New europium coordination polymers with efficient energy transfer from conjugated tetracarboxylate ligands to Eu3+ ion: syntheses, structures, luminescence and magnetic properties.

Two novel lanthanide coordination polymers, [Eu(2)(EBTC)(DMF)(5)(NO(3))(2)]·DMF (1) and [Eu(2)(BBTC)(1.5)(CH(3)OH)(2)(H(2)O)(2)]·7DMF·HNO(3) (2) (EBTC(4-) = 1,1'-ethynebenzene-3,3',5,5'-tetracarboxylate; BBTC(4-) = 1,1'-butadiynebenzene-3,3',5,5'-tetracarboxylate), were successfully synthesized from conjugated ligands of EBTC(4-) and BBTC(4-). Although the two tetracarboxylate ligands have similar structures, their different rigidity/flexibility results in quite different networks upon complexation. Complex 1 has a two-dimensional (2-D) layered structure with two crystallographically independent Eu(3+) ions, one in a distorted monocapped square-antiprism and the other in a distorted square-antiprism coordination geometry. Complex 2 exhibits a three-dimensional (3-D) porous framework, with one type of Eu(3+) in a distorted square-antiprism and the other in a trigondodecahedron environment.
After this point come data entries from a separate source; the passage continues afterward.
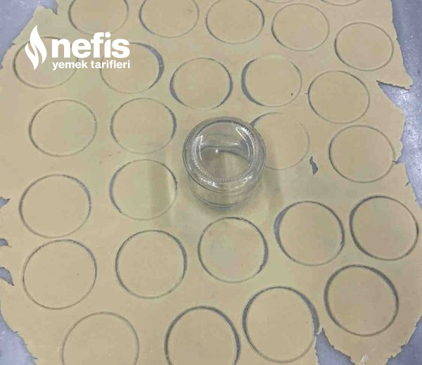 - Hamuru dörde bölüp oklava ile düzleştirelim. Kalın yani serçe parmak kalınlığından biraz daha az olmalıdır. Bir bardak yahut kavanoz ağzı ile yuvarlak biçimler verelim. İçi yağlanmış yahut içine fırın kağıdı serilmiş tepsiye dizelim.
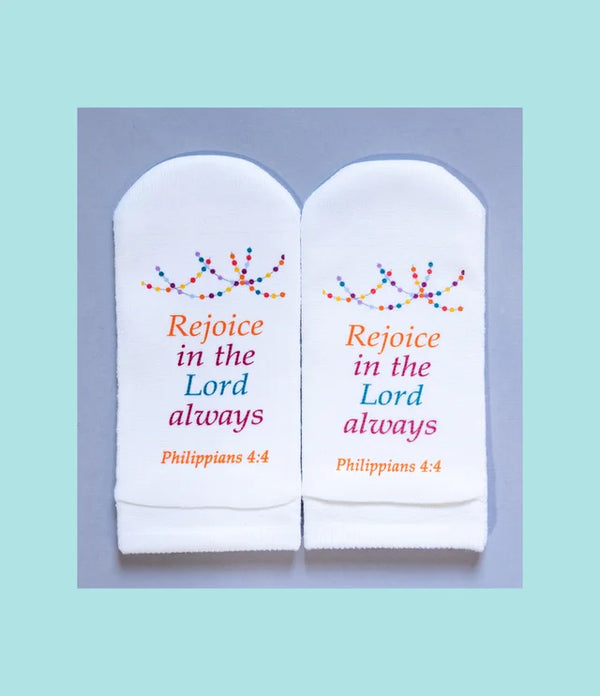 Standing on the Word Socks Pompom with Verse: Phil.4:4 Rejoice in the Lord always
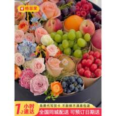 感恩节榴莲花束成品水果礼盒玫瑰鲜花速递同城广州配送老婆圣诞节

Both 1 and 2 emit the intensely red characteristic luminescence of Eu(3+) ion at room temperature, with a long lifetime of up to 1.3 and 0.7 ms, respectively, during which the ligand emission of EBTC(4-)/BBTC(4-) was quenched by the Eu(3+) ion, indicating the existence of efficient energy transfer between the conjugated ligand of EBTC(4-)/BBTC(4-) and the Eu(3+) ion. Thus, both EBTC(4-) and BBTC(4-) are ideal ligands with an "antenna" effect for the Eu(3+) ion. The two complexes show the single-ion magnetic behaviors of Eu(3+) with strong spin-orbit coupling interactions even if there are shorter distances (5.714 Å for 1 versus 4.275 and 5.360 Å for 2) between the neighboring Eu(3+) ions connected by oxygen atoms of the tetracarboxylates.